We selected the span size by minimizing the model AIC for observed and permuted datasets to perform the UPT. We rejected the null hypothesis if the observed difference in deviance statistic fell in the upper 5% of the permutation distribution [17].

Point-wise hypothesis tests

For each permutation method, point-wise hypothesis tests were performed by recording the predicted logodds from observed and permuted datasets at each point on a fine regular grid (1955 points per unit circle) overlaying the study region. Permutation distributions of point-wise predicted logodds were produced for each point. Hotspots, areas of increased risk, were identified as locations having predicted logodds from the observed data that fell in the upper 2.5% of the corresponding permutation distribution of predicted logodds. Coldspots, areas of decreased risk, were identified as locations with predicted logodds that fell in the lower 2.5% of the distribution [14]. It is unclear whether the conditional or unconditional nature of the permutation tests will affect the results. A point-wise testing method is not available for the ACST.

Sensitivity and false positive rate were defined in a similar manner to Ozonoff et al. [28] when evaluating local hypothesis tests, sensitivity was defined as the conditional proportion of the true cluster correctly identified as increased or decreased risk, given the global null hypothesis was rejected [28,29].

False positive rate, the complement of specificity, was defined as the proportion of the study region falsely detected by the methods as high or low risk when the global hypothesis was rejected.

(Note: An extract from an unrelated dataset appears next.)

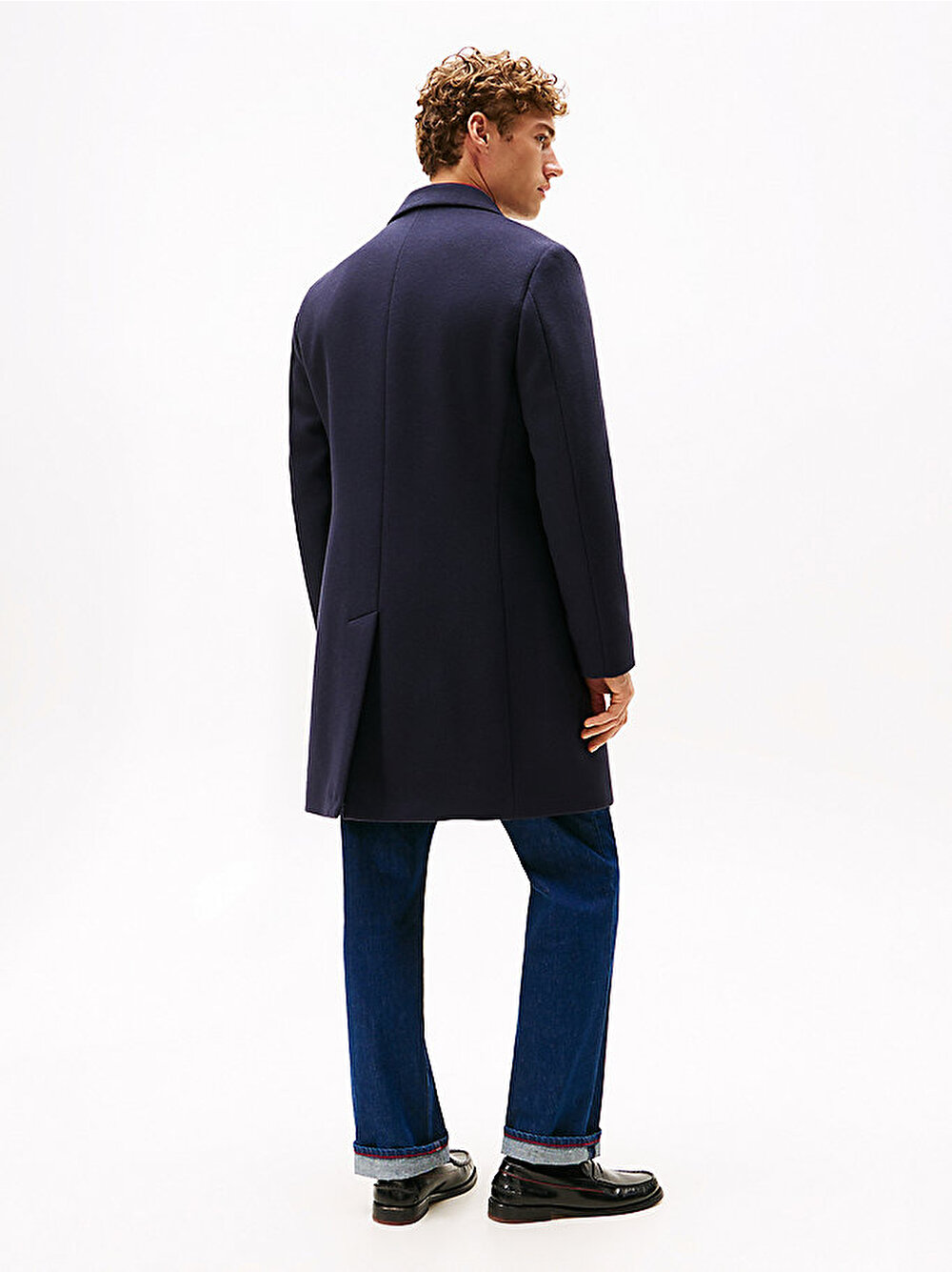 Bu rafine kaban, yün karışımlı kumaştan üretilmiş olup, sivri yakalarla ve bayrak plakalı bir iğneyle düzgünce tamamlanıyor.

Note that the false positive rate can be computed under the null hypothesis while sensitivity depends on the choice of a specific alternative.

Results

The observed power estimates for the Pearson chi-square test were similar to the theoretical power for both Scenarios 1 and 2. (Table 2, Table 3) ACST had observed type I error rates of 0.061 (95% CI: 0.046-0.076) and 0.059 (95% CI: 0.044-0.074) when applied under the null hypothesis. The nominal level of 0.05 fell within a 95% confidence interval of the ACST estimates as well as for the type I error estimates of CPT (Scenario 1: 0.047; 0.034-0.060; Scenario 2: 0.052; 0.038-0.066). The FSPT, FMSPT and UPT had observed type I error rates at or below the nominal level (Table 2, Table 3).

The power estimates for ACST under alternative hypotheses were smaller than the theoretical power, ranging between 0.161 and 0.918 for Scenario 1 and 0.145 and 0.722 for Scenario 2. The CPT had power of similar magnitude to the ACST with estimates ranging from 0.149 to 0.923 and 0.120 to 0.688 for Scenarios 1 and 2, respectively. (Table 2, Table 3) Compared to their application with an unadjusted significance cutoff of 0.05, the ACST and CPT had reduced power across effect sizes. The shapes of the respective power curves were similar, regardless of the significance cutoffs for each method (Figure 2, Figure 3).

biometrics-biostatistics-power-curves-approximate

Figure 2: Power curves of approximate chi-square test with nominal and adjusted significance cutoffs in Scenario 1. Figure 2 displays observed power curves and 95% confidence bands when ACST was applied with nominal and adjusted significance cutoffs in Scenario 1.

biometrics-biostatistics-power-curves-conditional

Figure 3: Power curves of conditional permutation test with nominal and adjusted significance cutoffs in Scenario 1. Figure 3 displays observed power curves and 95% confidence bands when CPT was applied with nominal and adjusted significance cutoffs in Scenario 1.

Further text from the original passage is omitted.